##### Input data

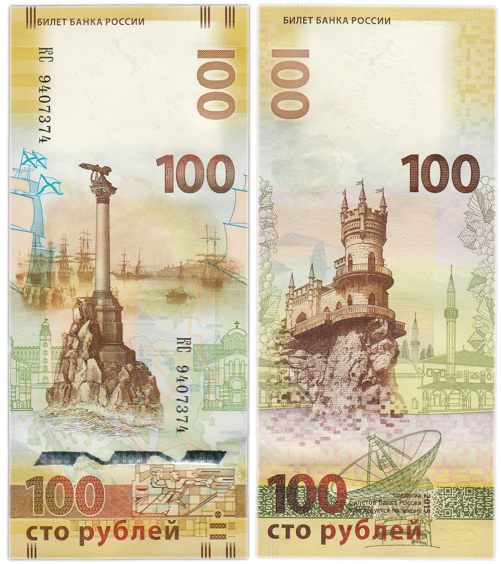 Воссоединение Республики Крым и города Севастополь с Российской Федерацией в 2014 году было решено отметить не только монетами, но и купюрой, которая продолжила серию памятных купюр, начатую сторублёвкой "Сочи-2014". В оборот банкнота поступила 23 декабря 2015 года. Такой долгий срок объясняется тщательной проработкой рисунка, учитывающей как исторические вехи Крыма, так и его современные особенности. Тираж выпуска составил 20 000 000 экземпляров.
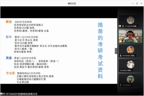 6月27日,买球官网在腾讯会议平台举办考研分享交流会。院党总支副书记丘志君、辅导员钟培权、辅导员陈兴出席了会议,2020届考研成功优秀毕业生陈彩凤蔡浩锋刘洪金莫咏莹和李浩彬应邀与80多名师弟师妹分享交流考研经验和方法,会议由陈欣瑄同学主持。
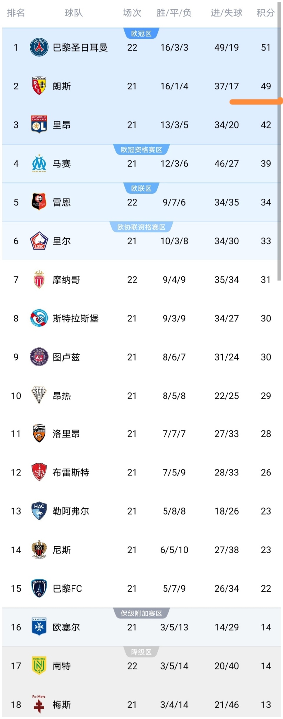 可以看到巴黎圣日耳曼队爆大冷门输球之后,先赛一场的情况下,积分停留在了51分,仅比第2的朗斯队多2分,也就是意味着如果本轮朗斯队击败实力不强的巴黎FC队,那么巴黎圣日耳曼队的榜首位置就将被朗斯队取代。法甲冠军的争夺真是太激烈了,朗斯和巴黎圣日耳曼队不断在榜首轮换。而摩纳哥击败南特队之后,积分上涨到了31分,摩纳哥队仅差第6的里尔队2分,可以说摩纳哥逼近前六了,也就是逼近了欧战席位区。雷恩赢球之后积分上涨到34分,仅差第4的马赛队5分。

##########

Print the material above word for word, first line through the line with "6月27日,买球官网在腾讯会", and leave every picture out.

 Воссоединение Республики Крым и города Севастополь с Российской Федерацией в 2014 году было решено отметить не только монетами, но и купюрой, которая продолжила серию памятных купюр, начатую сторублёвкой "Сочи-2014". В оборот банкнота поступила 23 декабря 2015 года. Такой долгий срок объясняется тщательной проработкой рисунка, учитывающей как исторические вехи Крыма, так и его современные особенности. Тираж выпуска составил 20 000 000 экземпляров.
 6月27日,买球官网在腾讯会议平台举办考研分享交流会。院党总支副书记丘志君、辅导员钟培权、辅导员陈兴出席了会议,2020届考研成功优秀毕业生陈彩凤蔡浩锋刘洪金莫咏莹和李浩彬应邀与80多名师弟师妹分享交流考研经验和方法,会议由陈欣瑄同学主持。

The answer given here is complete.